Berbagi praktik baik, berdiskusi dengan sesama calon guru penggerak dibimbing oleh pengajar praktik yang dibagi beberapa kelompok.
Kemudian di saat malam hari, bekerja sampai jauh malam di depan laptop membuat powerpoint untuk presentasi tugas kelompok. Membuat jurnal dwi mingguan di blog yang disediakan di lms ataupun menerbitkan pada media sosial seperti di Kompasiana, atau blog pribadi dan berbagi yang dikelola oleh Komunitas guru.
Pendampingan ke sekolah oleh pengajar praktik saat calon guru penggerak berbagi praktik baik dengan sesama warga sekolah dan rekan sejawat di komunitas praktisi pendidikan.
Dan mengirimkannya dalam betuk video pada channel YouTube, Google Drive ataupun platform Merdeka Belajar sebagai tugas yang harus diselesaikan dan dinilai oleh fasilitator pendidikan Guru Penggerak.
Sesuai dengan slogan guru pengerak "Bergerak, Tergerak dan Menggerakkan", bukan hanya slogan saat mengikuti pendidikan saja.

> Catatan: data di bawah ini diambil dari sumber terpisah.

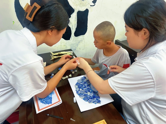 近日,588888纽约国际线路莫斯科艺术学院“心系折翼天使 用爱共助成长”社会实践团走进鄠邑区残障人士农疗基地,开展了一场以非遗文化体验为核心的活动。依托学院“丝路艺创”辅导员工作室联合创新的新课程“非遗小课堂”,实践团为基地的孩子们带来了漆扇绘制、青花瓷贴画创作、彩绘葫芦及扎染等丰富多样的体验项目,用艺术之美传递温暖与力量。
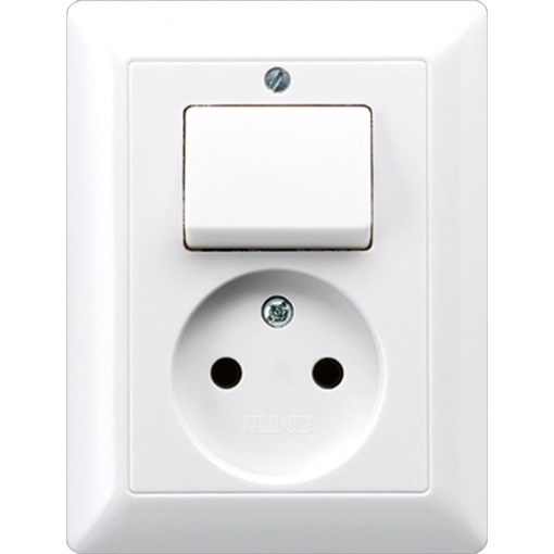 JUNG combinatie schakelaar/wandcontactdoos zonder randaarde AS500 alpine wit (AS 5546 EU WW)
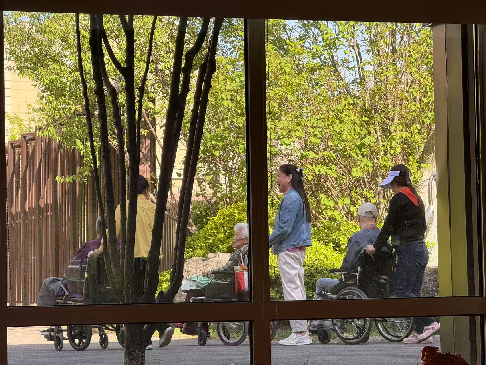 整体望去,“和园”并不像一家传统意义上的“养老院”,该社区由七栋学院风的建筑围合而成,与周边的别墅居民区融为一体。临街首层是公共服务区,进入大门做完消毒后,进入眼帘的是城市咖啡厅般的空间,唯一不同的是,坐在这里的,大多是白发苍苍的老人。
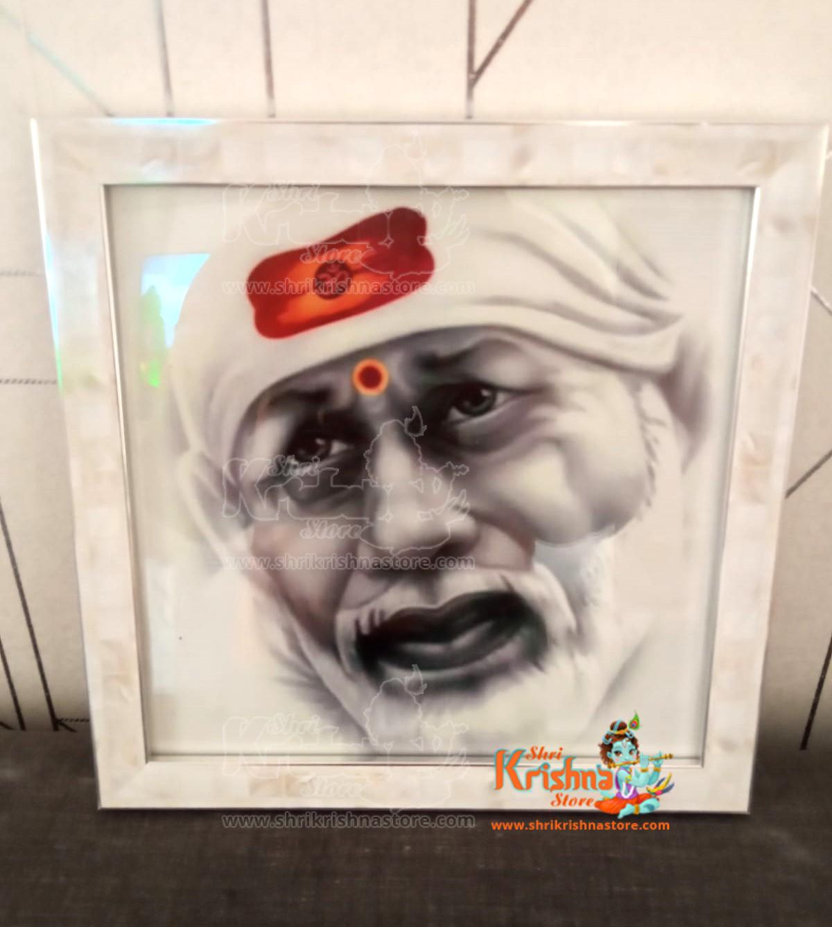 OM SAI GIFTS Shirdi Sai Baba Wall Hanging Wooden Photo Frame

Tapi saat dinyatakan lulus menjadi guru penggerak. Bukan saja di ruang lingkup kelas dan sekolah, bahkan lebih luas lagi ke berbagai komunitas praktisi pendidikan.
Penulis sendiri, yang diberi amanat menjadi Kepala Sekolah oleh Dinas Pendidikan dan Kebudayaan Kota Samarinda, terus memberi warna bagi berbagai komunitas pendidikan.
Baik di kelompok kerja kepala sekolah (K3S) wilayah kerja penulis, dengan mengadakan aksi nyata berupa desiminasi Implementasi Kurikulum dengan memberikan pelatihan, bimtek penyusunan Kurikulum Operasional di Satuan Pendidikan.
Bila ingin berada di zona nyaman, menjadi guru penggerak bukanlah tempat yang tepat. Dari sini penulis menyadari betul, mengapa seorang Guru Penggerak diprioritaskan menjadi Kepala Sekolah.